-- The data follows --
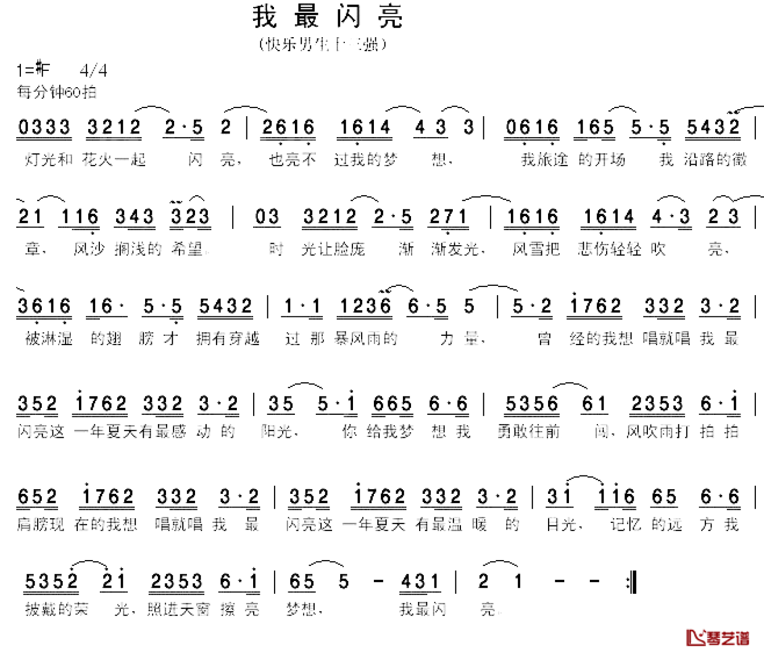 曲谱介绍: 群星《我最闪亮》歌词_简谱
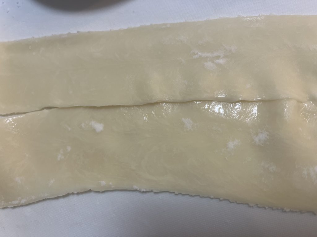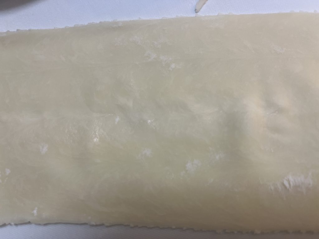 うにうにと皮が出てきたら、打粉の片栗粉を付けながらクルクル巻いていきます
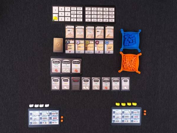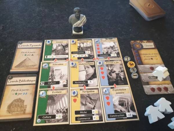 The game is played with 6 rounds. In the 1st round, each player picks one civilization card in the market and gains a number of worker tokens according to the population value indicated on the civilization card. Players may assign workers to action slots in the public region. There are usually 5-6 actions for each player to choose and these actions change between rounds. By assigning workers, players carry out the actions' effects such as earning coins or paying coins for technologies, wonders, or victory points, etc. At the end of a player's turn, workers may return to the player or disappear according to the kind of action it was working on.
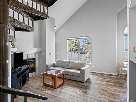 Welcome Home to this light and bright 2-story unit in the Colony at Marina Pointe. This unique property features a contemporary open floorplan with vaulted ceilings and spiral staircase leading to an upper-level master bedroom. New luxury vinyl plank (LVP) flooring on the main level! Other special features include a remodeled kitchen with new cabinets, granite counters and newer stainless steel appliances; New furnace (April 2025), New fixtures, New interior paint, New roof, Custom-made window blinds, Gas log fireplace; ample storage including a large walk-in closet + additional storage closet, and stackable washer & dryer are included. In addition to the Marina Pointe Community pool and dog park, the HOA covers water and sewer utilities. Excellent location near Chatfield and Roxborough State Parks, Waterton Canyon, Lockheed Martin; EZ access to Mountains and C470
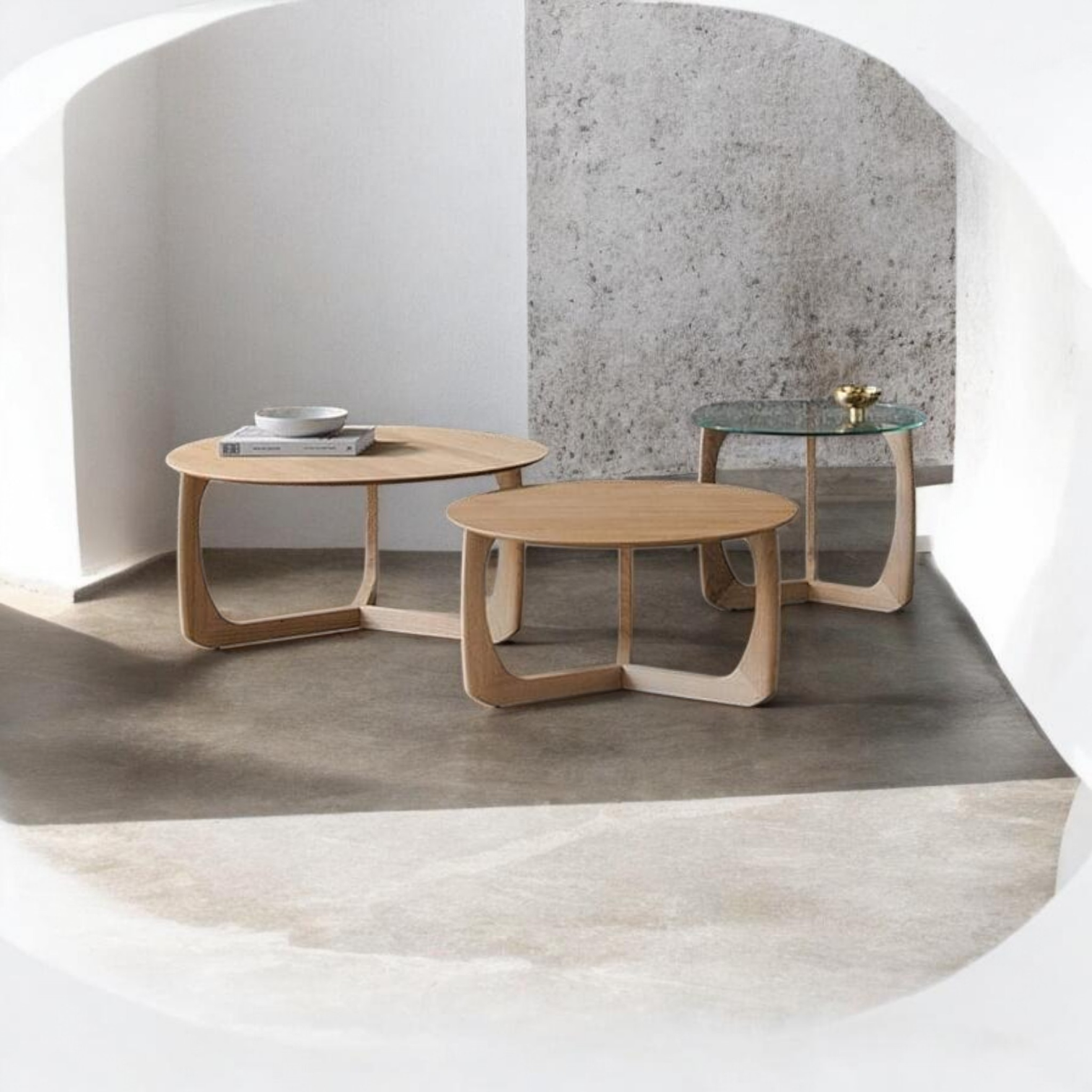 Δυνατότητα Nesting: Σχεδιασμένα σε διαφορετικά ύψη και διαμέτρους, επιτρέπουν τη δημιουργία σύνθετων επιπέδων. Τοποθετήστε τα μαζί για ένα εντυπωσιακό κεντρικό decor ή χωριστά ως βοηθητικά τραπεζάκια.
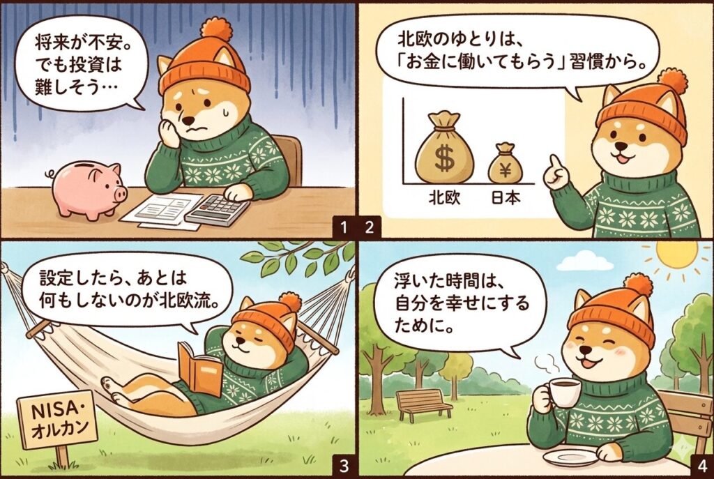 世界幸福度ランキング上位の北欧諸国では、多くの人々が当たり前のように投資を行い、豊かな資産を築いています。その秘訣は、「資産の成長をプロと時間に任せ、自分は今この瞬間を楽しむ」という合理的な考え方にあります。
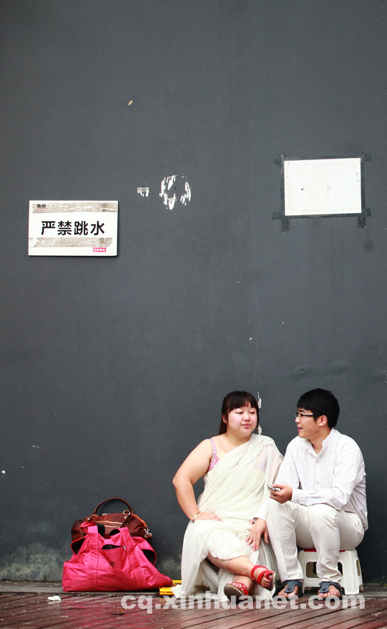 A new couple waits for the photo taking in Nanan District, Chongqing, on Sept. 1, 2014. (Xinhua News Agency/Pengbo)
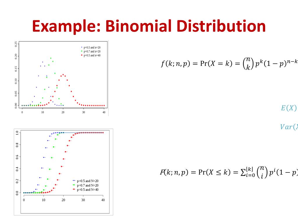 Characterizing a Probability Distribution • Probability mass function (Pmf): a function that describes the probability that a discrete random variable is equal to some value • Cumulative distribution function (cdf): a function that describes the probability that a random variable X assumes a value less than or equal to x F
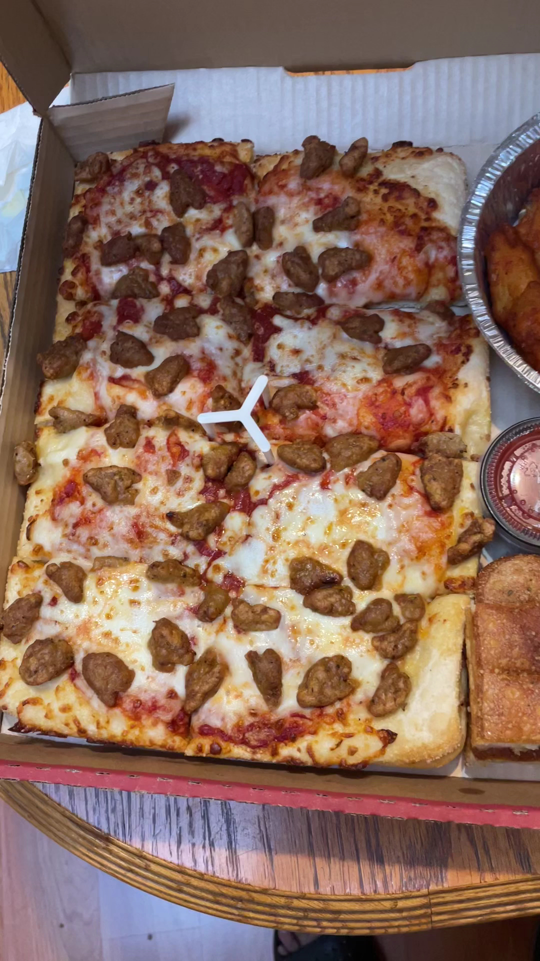 Additionally, the food could've been cooked a little bit longer. The pizza sauce was soupy & the normally light, "buttery", crispy bottom of the pizza dough wasn't there either. That was extremely disappointing! However, the other (impulse) item that I ordered w my pizzas were also undercooked. Those were the 8 pc boneless chicken "wings", I believe is how they were listed. There was NOT a wing in there. Those were chicken nuggets The sizes varied greatly, from large - pretty small. The larger nuggets were about 10 seconds past pink (raw). The meat was white, however, once I bit into them they totally had the raw meat consistency & toughness to them & weren't eaten any further. The medium - small ones were all cooked all the way through though.
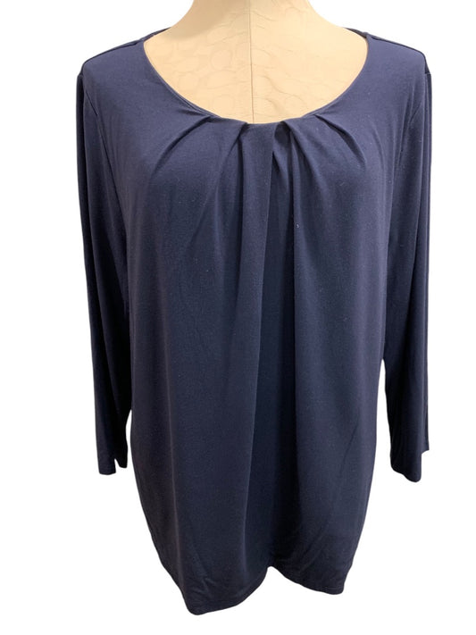 XL Talbots Womens Navy Blue Pullover Shirt Pleated Scoop Neck
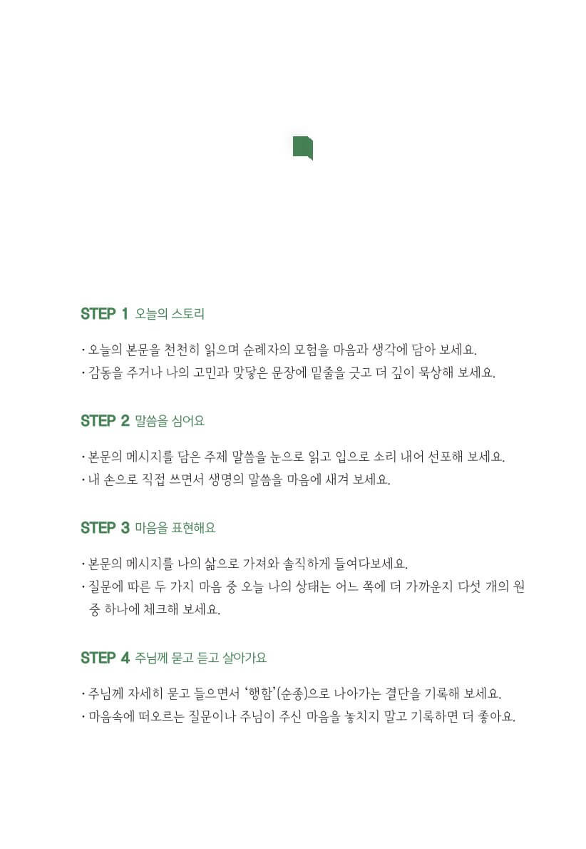 이어지는 묵상질문으로 주님의 마음을 알고 기쁘게 순종하는 법을 배우는 ‘주님께 묻고 듣고 살아가요(Step 4)’와
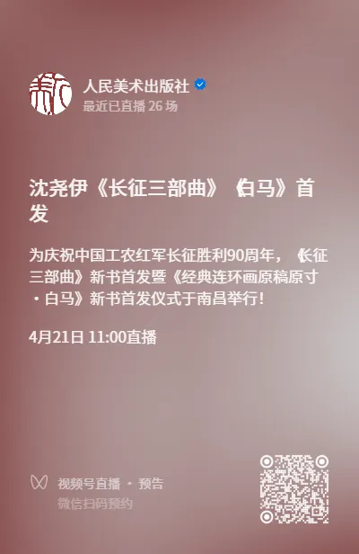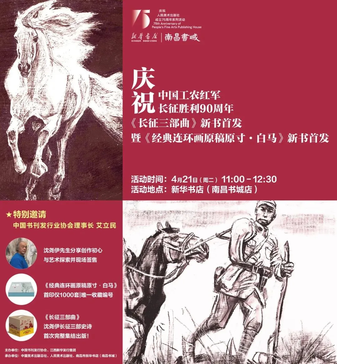 2026年4月21日上午11:00,著名画家、史诗级连环画《地球的红飘带》作者沈尧伊先生将亲临南昌市新华书店(南昌书城店),出席“庆祝中国工农红军长征胜利90周年《长征三部曲》新书首发暨《经典连环画原稿原寸·白马》新书首发”活动,并举办现场签售!
-- The data concluded --
▶ **What you will do**
Take only the lines above from the one that has "Welcome Home to" through the one that has "世界幸福度ランキング上位の北" and reproduce them exactly, omitting any pictures.

▶ **Problem solution**
 Welcome Home to this light and bright 2-story unit in the Colony at Marina Pointe. This unique property features a contemporary open floorplan with vaulted ceilings and spiral staircase leading to an upper-level master bedroom. New luxury vinyl plank (LVP) flooring on the main level! Other special features include a remodeled kitchen with new cabinets, granite counters and newer stainless steel appliances; New furnace (April 2025), New fixtures, New interior paint, New roof, Custom-made window blinds, Gas log fireplace; ample storage including a large walk-in closet + additional storage closet, and stackable washer & dryer are included. In addition to the Marina Pointe Community pool and dog park, the HOA covers water and sewer utilities. Excellent location near Chatfield and Roxborough State Parks, Waterton Canyon, Lockheed Martin; EZ access to Mountains and C470
 Δυνατότητα Nesting: Σχεδιασμένα σε διαφορετικά ύψη και διαμέτρους, επιτρέπουν τη δημιουργία σύνθετων επιπέδων. Τοποθετήστε τα μαζί για ένα εντυπωσιακό κεντρικό decor ή χωριστά ως βοηθητικά τραπεζάκια.
 世界幸福度ランキング上位の北欧諸国では、多くの人々が当たり前のように投資を行い、豊かな資産を築いています。その秘訣は、「資産の成長をプロと時間に任せ、自分は今この瞬間を楽しむ」という合理的な考え方にあります。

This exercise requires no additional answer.